8tracks Hacked: 18 Million Accounts Stolen From Music Social Network
Streaming music and social media website 8track suffered a data breach that resulted in more than 18 million user account credentials being stolen, the company disclosed this week.
Accounts included in the breach date back as far as 2008. While basic user information like email address and password were compromised, it is not believed other personally revealing information was caught in the breach.
Read: Zomato Hacked: 17 Million Names, Emails And Passwords Stolen
In a blog post announcing the breach, 8tracks made it a point to note that users who login to their account through a third-party authorization such as Google or Facebook are safe; their login process is handled through other channels and their passwords were not stored by 8tracks.
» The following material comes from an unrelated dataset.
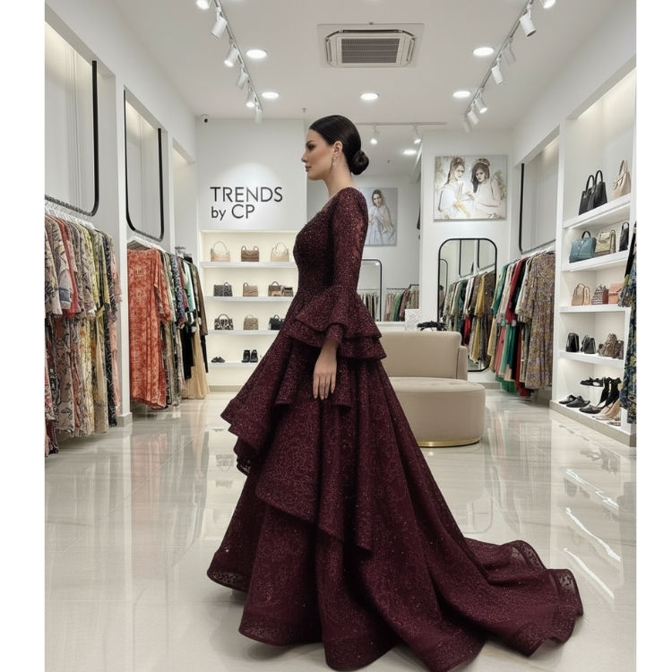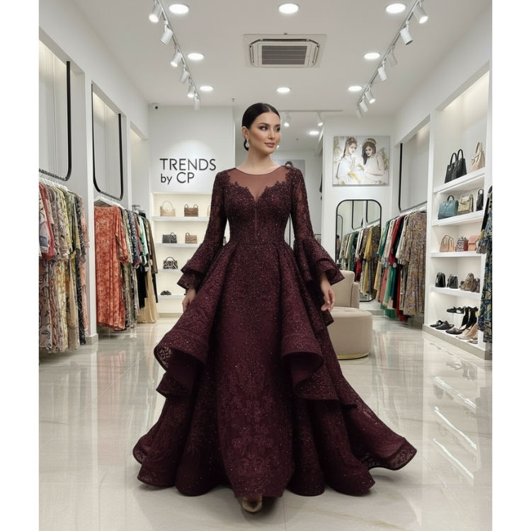 Embellishment:Beading, Angular mirror metallic trim, Sequined, Lace, Draped

The company also noted that its passwords were not stored in plaintext but were rather were protected by a hashing algorithm. In other words, the passwords were encrypted in a way that is designed to make the passwords more difficult to access. 8tracks also used a random salt, which adds additional protection against potential decryption by including random characters to the password.
While passwords associated with 8track accounts may be encrypted, they were hashed using the SHA-1 algorithm—an encryption method that has been made essentially obsolete and is no longer recommended for security purposes.
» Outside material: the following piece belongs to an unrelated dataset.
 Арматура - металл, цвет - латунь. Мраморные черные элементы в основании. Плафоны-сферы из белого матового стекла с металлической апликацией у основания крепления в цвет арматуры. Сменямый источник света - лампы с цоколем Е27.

Google successfully cracked the SHA-1 algorithm earlier this year and there have been other instances where the hashing methods has been cracked to reveal passwords, including the 2016 breach of LinkedIn.
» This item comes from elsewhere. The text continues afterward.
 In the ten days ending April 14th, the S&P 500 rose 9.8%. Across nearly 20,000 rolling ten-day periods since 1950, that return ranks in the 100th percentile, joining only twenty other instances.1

According to 8tracks, the attack occurred after a company employee’s Github account was compromised. The account did not have two-step authentication activated. 8tracks said its security experts have found what they believe to be the method of attack and have taken action to patch the problem and secure the database.
It’s just the latest incident in which an employee’s account has been compromised and led to a wider breach. Earlier this year, a similar occurrence resulted in 17 million passwords being stolen from a database for restaurant search and discovery site Zomato.
The company also noted it does not store sensitive customer data such as credit card numbers, phone numbers or street addresses, so no personally identifiable information beyond email address and password has been exposed.
In response to the breach, the company said it has secured the compromised employee account, changed passwords for its storage systems and added access logging to our backup system. 8tracks is also auditing its security practices and will begin to require two-step authentication on Github and improve password encryption.
8tracks is advising its users to change their password and is encouraging all users to use extra security steps like two-step authentication and password managers that securely store passwords for multiple sites and services.
For any user who uses the same password on 8tracks as they do on another service, it is important to change passwords on those services as well. Database leaks are easily be cross-referenced and a hacker can access multiple accounts just by finding a single password.